─── EXERCISE DATA ───
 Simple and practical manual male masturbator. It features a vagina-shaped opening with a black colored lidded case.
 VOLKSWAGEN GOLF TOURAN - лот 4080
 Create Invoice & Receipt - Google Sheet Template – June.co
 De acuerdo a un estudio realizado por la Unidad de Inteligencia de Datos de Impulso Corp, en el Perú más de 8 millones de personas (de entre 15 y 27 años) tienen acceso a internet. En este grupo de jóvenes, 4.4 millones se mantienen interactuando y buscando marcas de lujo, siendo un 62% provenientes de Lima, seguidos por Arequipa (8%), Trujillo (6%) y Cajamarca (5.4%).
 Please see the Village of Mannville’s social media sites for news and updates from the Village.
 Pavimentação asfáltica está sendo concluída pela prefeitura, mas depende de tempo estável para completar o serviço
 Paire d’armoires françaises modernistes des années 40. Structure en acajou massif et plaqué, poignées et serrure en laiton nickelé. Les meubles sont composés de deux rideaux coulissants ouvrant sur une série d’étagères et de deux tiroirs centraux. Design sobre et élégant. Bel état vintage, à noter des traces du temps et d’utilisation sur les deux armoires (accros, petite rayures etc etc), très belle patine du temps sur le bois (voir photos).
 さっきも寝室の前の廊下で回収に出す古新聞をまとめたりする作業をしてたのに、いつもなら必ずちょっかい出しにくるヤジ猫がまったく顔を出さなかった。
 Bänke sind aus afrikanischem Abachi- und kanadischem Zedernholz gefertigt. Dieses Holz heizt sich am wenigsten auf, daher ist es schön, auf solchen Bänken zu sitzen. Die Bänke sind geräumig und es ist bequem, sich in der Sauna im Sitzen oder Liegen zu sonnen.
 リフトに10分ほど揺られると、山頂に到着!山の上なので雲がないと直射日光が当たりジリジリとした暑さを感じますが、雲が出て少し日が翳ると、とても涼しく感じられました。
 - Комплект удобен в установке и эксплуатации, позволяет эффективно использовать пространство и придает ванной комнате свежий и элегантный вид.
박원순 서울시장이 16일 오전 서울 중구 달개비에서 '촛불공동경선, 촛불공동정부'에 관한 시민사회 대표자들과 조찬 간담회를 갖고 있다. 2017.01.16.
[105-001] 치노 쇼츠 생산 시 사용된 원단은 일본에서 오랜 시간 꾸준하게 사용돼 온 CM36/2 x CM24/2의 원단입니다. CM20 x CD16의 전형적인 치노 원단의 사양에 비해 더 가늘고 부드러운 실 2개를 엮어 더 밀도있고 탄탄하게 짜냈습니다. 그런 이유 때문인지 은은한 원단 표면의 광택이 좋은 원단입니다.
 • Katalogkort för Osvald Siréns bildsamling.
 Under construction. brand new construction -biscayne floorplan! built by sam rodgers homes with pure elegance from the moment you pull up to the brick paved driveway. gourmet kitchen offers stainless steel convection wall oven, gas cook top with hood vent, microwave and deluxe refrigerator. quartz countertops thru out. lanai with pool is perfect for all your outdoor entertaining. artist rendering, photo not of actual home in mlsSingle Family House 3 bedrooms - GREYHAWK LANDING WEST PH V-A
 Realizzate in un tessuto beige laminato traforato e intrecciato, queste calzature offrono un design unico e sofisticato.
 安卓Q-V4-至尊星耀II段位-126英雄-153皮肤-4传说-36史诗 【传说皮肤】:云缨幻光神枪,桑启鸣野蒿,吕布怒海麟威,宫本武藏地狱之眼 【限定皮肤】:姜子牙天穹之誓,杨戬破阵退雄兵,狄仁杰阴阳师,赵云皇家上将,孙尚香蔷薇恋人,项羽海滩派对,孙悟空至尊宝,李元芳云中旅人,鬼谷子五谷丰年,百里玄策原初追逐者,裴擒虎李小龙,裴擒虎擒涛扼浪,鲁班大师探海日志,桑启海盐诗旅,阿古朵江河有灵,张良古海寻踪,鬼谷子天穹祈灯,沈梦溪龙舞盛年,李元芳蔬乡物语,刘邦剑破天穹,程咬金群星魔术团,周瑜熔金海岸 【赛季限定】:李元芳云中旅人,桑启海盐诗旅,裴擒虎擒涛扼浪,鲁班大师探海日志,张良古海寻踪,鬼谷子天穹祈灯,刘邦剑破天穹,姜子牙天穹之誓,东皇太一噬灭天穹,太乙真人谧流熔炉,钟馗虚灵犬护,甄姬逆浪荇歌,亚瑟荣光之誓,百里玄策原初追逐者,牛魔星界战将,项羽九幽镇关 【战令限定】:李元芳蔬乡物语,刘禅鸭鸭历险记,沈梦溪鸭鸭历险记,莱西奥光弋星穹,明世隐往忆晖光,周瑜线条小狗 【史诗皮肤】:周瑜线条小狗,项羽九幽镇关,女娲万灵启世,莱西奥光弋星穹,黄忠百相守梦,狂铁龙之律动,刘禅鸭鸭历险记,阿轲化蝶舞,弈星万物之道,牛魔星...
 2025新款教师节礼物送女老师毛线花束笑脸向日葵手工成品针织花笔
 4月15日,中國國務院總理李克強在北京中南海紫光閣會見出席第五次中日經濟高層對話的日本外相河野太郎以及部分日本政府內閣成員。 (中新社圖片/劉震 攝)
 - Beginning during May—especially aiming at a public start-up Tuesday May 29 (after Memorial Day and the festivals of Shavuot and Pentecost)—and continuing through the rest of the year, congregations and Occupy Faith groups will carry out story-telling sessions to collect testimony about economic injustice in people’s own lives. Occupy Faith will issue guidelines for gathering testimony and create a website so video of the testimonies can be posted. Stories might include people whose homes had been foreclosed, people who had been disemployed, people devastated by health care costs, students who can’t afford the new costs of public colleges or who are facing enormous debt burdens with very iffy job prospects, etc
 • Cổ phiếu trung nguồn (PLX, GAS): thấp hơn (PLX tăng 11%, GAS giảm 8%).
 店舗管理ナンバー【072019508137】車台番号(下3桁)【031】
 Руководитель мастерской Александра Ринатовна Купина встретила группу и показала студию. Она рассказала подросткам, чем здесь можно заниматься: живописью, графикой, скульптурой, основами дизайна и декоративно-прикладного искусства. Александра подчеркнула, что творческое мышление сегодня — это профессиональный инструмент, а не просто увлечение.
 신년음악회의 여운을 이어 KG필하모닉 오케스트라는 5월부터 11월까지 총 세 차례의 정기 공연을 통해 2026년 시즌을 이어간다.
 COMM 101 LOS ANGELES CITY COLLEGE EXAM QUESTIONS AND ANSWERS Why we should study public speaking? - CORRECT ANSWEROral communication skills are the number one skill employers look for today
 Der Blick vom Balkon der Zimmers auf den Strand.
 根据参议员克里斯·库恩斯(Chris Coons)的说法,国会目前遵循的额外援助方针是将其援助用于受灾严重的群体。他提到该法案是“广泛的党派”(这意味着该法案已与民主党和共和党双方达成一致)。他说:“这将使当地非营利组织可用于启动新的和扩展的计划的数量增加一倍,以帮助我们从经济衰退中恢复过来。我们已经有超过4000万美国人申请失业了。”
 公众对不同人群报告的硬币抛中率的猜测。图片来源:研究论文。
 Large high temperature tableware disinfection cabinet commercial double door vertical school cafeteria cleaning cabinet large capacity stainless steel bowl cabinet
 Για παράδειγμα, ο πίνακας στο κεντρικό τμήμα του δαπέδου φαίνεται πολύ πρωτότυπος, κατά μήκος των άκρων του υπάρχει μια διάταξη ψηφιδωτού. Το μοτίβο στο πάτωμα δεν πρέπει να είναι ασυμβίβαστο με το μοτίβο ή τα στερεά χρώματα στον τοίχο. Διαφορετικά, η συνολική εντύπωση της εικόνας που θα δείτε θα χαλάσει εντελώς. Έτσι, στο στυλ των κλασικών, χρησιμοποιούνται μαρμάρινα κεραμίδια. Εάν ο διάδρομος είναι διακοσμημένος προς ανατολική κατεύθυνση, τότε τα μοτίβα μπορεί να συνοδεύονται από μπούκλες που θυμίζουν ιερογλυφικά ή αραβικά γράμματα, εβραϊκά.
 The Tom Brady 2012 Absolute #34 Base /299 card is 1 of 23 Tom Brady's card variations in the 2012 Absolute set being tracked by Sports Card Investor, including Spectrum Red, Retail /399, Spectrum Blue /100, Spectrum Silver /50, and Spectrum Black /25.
───
▸ WORK REQUIRED:
What you return should be the lines from the beginning of the records through the one that contains "- Комплект удобен", repeated exactly and with no additions.

▸ ANSWER FOR THIS EXERCISE:
 Simple and practical manual male masturbator. It features a vagina-shaped opening with a black colored lidded case.
 VOLKSWAGEN GOLF TOURAN - лот 4080
 Create Invoice & Receipt - Google Sheet Template – June.co
 De acuerdo a un estudio realizado por la Unidad de Inteligencia de Datos de Impulso Corp, en el Perú más de 8 millones de personas (de entre 15 y 27 años) tienen acceso a internet. En este grupo de jóvenes, 4.4 millones se mantienen interactuando y buscando marcas de lujo, siendo un 62% provenientes de Lima, seguidos por Arequipa (8%), Trujillo (6%) y Cajamarca (5.4%).
 Please see the Village of Mannville’s social media sites for news and updates from the Village.
 Pavimentação asfáltica está sendo concluída pela prefeitura, mas depende de tempo estável para completar o serviço
 Paire d’armoires françaises modernistes des années 40. Structure en acajou massif et plaqué, poignées et serrure en laiton nickelé. Les meubles sont composés de deux rideaux coulissants ouvrant sur une série d’étagères et de deux tiroirs centraux. Design sobre et élégant. Bel état vintage, à noter des traces du temps et d’utilisation sur les deux armoires (accros, petite rayures etc etc), très belle patine du temps sur le bois (voir photos).
 さっきも寝室の前の廊下で回収に出す古新聞をまとめたりする作業をしてたのに、いつもなら必ずちょっかい出しにくるヤジ猫がまったく顔を出さなかった。
 Bänke sind aus afrikanischem Abachi- und kanadischem Zedernholz gefertigt. Dieses Holz heizt sich am wenigsten auf, daher ist es schön, auf solchen Bänken zu sitzen. Die Bänke sind geräumig und es ist bequem, sich in der Sauna im Sitzen oder Liegen zu sonnen.
 リフトに10分ほど揺られると、山頂に到着!山の上なので雲がないと直射日光が当たりジリジリとした暑さを感じますが、雲が出て少し日が翳ると、とても涼しく感じられました。
 - Комплект удобен в установке и эксплуатации, позволяет эффективно использовать пространство и придает ванной комнате свежий и элегантный вид.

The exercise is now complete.